Red Light

by tallsunshine12

Night-time on the desert. The stars were low, the desert was vast and soundless except for a softly soughing wind, and the hills were distant gray shapes in the light of the half-moon. The jeeps were parked off to one side, together, almost as if conferring with one another about their adventures of the day.

Then a sweet, soft voice cut the night air, the only sound for miles around. Even Tully, on guard duty, heard it and felt lulled by it. His heart softened as he thought of the rugged British commando who rode with him and fought 'side by side' with him against the German convoys.
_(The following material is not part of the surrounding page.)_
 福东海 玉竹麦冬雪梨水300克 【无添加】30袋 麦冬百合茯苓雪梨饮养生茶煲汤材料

It was Doc's voice rendering an old English carol. Tonight was December 25th.

"The holly and the ivy," Moffitt sang. "When they are both full grown, of all the trees that are in the wood, the holly bears the crown." He paused to remember the rest of the song. "O, the rising of the sun, and the running of the deer, the playing of the merry organ, sweet singing in the choir."
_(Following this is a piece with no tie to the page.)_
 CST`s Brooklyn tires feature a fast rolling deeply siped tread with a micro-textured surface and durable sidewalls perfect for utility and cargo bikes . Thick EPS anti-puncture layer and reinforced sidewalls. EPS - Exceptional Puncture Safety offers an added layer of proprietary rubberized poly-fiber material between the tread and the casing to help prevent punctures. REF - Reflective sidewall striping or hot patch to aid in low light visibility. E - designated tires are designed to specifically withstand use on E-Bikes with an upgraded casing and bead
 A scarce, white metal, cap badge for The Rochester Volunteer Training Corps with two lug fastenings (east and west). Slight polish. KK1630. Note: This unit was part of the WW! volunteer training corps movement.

"I didn't know you could sing like that, Moffitt," said Troy, with a soft wet gleam in his eye. "It takes me back."

"My mother sang in the choir at church and sometimes still does," said the Englishman. "I learned the lyrics from her."

"I've got a picture of a five-foot Doc tagging along after his mom to church," said Hitch, laughing. "And he's only three!"
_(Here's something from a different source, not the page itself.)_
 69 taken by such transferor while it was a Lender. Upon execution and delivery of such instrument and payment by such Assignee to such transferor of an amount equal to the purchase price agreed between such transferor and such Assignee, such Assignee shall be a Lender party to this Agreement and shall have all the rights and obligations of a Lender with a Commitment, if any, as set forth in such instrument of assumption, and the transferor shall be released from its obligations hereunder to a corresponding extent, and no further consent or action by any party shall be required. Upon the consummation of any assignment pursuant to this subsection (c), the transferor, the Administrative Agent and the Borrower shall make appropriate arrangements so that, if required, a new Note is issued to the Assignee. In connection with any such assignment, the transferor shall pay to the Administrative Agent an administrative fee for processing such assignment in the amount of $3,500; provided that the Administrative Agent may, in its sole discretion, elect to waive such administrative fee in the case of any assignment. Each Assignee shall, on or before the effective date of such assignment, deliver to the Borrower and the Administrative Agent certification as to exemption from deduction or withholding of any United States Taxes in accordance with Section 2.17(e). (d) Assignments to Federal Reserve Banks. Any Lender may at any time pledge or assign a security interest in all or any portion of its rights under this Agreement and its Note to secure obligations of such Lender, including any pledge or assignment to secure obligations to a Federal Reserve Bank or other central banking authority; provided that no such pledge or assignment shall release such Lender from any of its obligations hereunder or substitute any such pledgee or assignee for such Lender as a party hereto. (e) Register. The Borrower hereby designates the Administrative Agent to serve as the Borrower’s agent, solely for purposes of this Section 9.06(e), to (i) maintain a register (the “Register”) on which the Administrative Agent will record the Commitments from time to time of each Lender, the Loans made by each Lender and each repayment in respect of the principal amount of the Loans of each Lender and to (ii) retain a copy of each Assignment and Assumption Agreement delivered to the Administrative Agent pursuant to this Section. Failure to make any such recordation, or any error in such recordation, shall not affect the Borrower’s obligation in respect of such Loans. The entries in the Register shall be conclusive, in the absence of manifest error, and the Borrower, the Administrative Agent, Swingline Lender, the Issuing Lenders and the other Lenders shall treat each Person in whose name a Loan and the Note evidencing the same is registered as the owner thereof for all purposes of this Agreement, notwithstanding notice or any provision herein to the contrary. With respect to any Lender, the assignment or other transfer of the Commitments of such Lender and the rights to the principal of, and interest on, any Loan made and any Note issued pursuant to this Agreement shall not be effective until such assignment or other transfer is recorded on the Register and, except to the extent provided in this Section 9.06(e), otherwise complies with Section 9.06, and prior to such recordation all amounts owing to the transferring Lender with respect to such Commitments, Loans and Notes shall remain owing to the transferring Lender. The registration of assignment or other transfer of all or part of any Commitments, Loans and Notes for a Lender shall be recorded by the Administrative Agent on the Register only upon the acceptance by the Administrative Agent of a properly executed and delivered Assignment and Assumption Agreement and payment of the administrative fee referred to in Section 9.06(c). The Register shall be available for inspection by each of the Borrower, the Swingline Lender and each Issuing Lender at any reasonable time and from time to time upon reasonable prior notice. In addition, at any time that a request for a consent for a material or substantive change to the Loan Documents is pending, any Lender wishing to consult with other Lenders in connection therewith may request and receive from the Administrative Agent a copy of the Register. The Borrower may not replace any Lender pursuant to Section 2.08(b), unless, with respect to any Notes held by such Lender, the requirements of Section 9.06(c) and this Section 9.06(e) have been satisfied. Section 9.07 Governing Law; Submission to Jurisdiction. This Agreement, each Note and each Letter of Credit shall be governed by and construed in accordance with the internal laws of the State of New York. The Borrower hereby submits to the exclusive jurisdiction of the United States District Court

"I was never five feet, Hitch. A fortnight after I was born, I was already six feet."

Moffitt was a genuine 'second-story' man, Troy often thought.

"A fortnight?" asked the leader of the long range desert rats.

"Two weeks."

"Wait, let me get this straight," said Hitch, one of a pair of jeep drivers for the Rat Patrol; the other, Tully Pettigrew, was on watch at the top of the sand hill, while the other three enjoyed the warmth and ambiance of a crackling fire. "You're saying you were six feet tall two weeks after you were born?"

"I believe that's what I said," said Moffitt, trying not to smile.

"But there's no way a tiny baby can grow that fast," said Hitch. "No way!"

Now Troy had to laugh outright. "He means it as a joke, Hitch. Only a joke."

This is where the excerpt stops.